Arielle and I tend to get a little roller-coastery on the question of spawning, but taking a long view you’d pretty much have to say declines have led advances. For long luxurious periods of our marriage we’ve enjoyed a warm relationship with the idea of never procreating. In fact we bought this very Web address back in 2012, I think.
The goal was to carve out a space wherein the intentionally childless could explore their condition. Seemed to us that more and more like-minded folks were making that decision. We were thinking big with the concept.
We’d alternate weeks posting blog entries; we’d compile a corollary to What To Expect When You’re Expecting (“Blowing the College Savings Fund”, “It’s a Small World–But With so Many Places to Live!” and “Vacation? Sure!”); we’d interview experts in wellness and psychology and financial planning about the ramifications of never nesting. It would be a wall-less compound of intellectual, social and personal inquiry, not meant (snarky chapter-headings aside) to channel or evoke differences with the birthing set, but absolutely to represent a safe home base for young people making a morally ambiguous decision.

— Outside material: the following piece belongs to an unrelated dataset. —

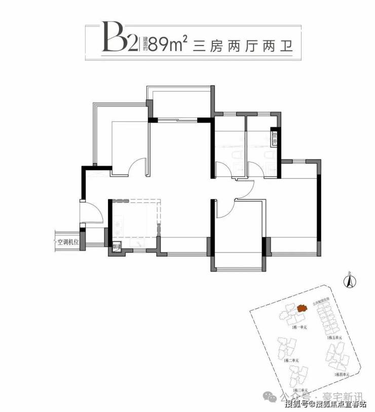 一:建面约89平方A1户型三房两厅两卫

Then I was like, “Yeah but, I don’t know, if we had a little baby it’d be us and that’d be so beautiful because I love you so much!” And she was like, “I kind of feel the same way! I love you so much!” Careered we thus up the track, quietly setting the whole concept on the backburner.
For a couple years we let simmer–you’d have to say unenthusiastically–the idea that we’d ultimately succumb to parenthood. Question was when? And what do we try to do first? And what do we have to do now in order to do the things we want to do before? And isn’t that ridiculous because like everyone says there’s never a good time and if we keep postponing we’ll never et cetera et cetera.
I guess it was just a couple months ago that the roller-coaster executed another sudden turn, this time a nose-diving faceplant into the happy sandtrap of nevernesting, and we said, Know what? Let’s just relax into this. Let’s be serious: we don’t wanna have kids.
Do you always know why you want or don’t want something to happen? I’m not sure I have myself so well figured. When I think of never siring a wee bairn, a bevy of amazingly self-centered and rationalizing reasons attach (“I get bored playing with kids…pretty much right away.” “I don’t actually buy that being is preferable to non-being, so, things being what they are, why summon new pain into the universe?” “I want to retire young. And drink.”).
And when I think of having one, it’s for big, noble reasons that don’t move me at all (“You’re a freaking animal. Make little animal babies. It is the only non-trivial answer to the question of why you exist.” “Your baby might help reverse the wrecking ball of climate change.” “You will never experience the full scope of what it means to be a human being on the planet earth if you don’t play at being a parent for a while.”). Never mind that our baby would be wildly clever and beautiful in a society that deeply overvalues beauty and cleverness.
But more and more often these days I find myself turning off the news.
A politician–I forget which one but you can guess which team he plays for–said the other day that we are the first generations to feel the effects of climate change and the last ones that can do anything about it. Meanwhile there are plenty of very intelligent folks out there who argue that it’s actually too late: we already passed the point of no return.
When did that happen? When did we go from “Geepers, we’d better do something about all this global warming” to “Woopsy-daisy–we’re fucked!”
Meanwhile the NRA. Meanwhile Citizens United. Meanwhile the gluttonous empty-headed cynicism machine that is the Republican Party.
Meanwhile the tar sands and the predator drones and Guantanamo Bay.
Meanwhile the Incarceration Economy and the House that Gerrymander Built and the bees are dying.
In 1994 I had a wonderful girlfriend who told me that smart people had a moral obligation to have as many babies as possible. I guess twenty years ago you could think that.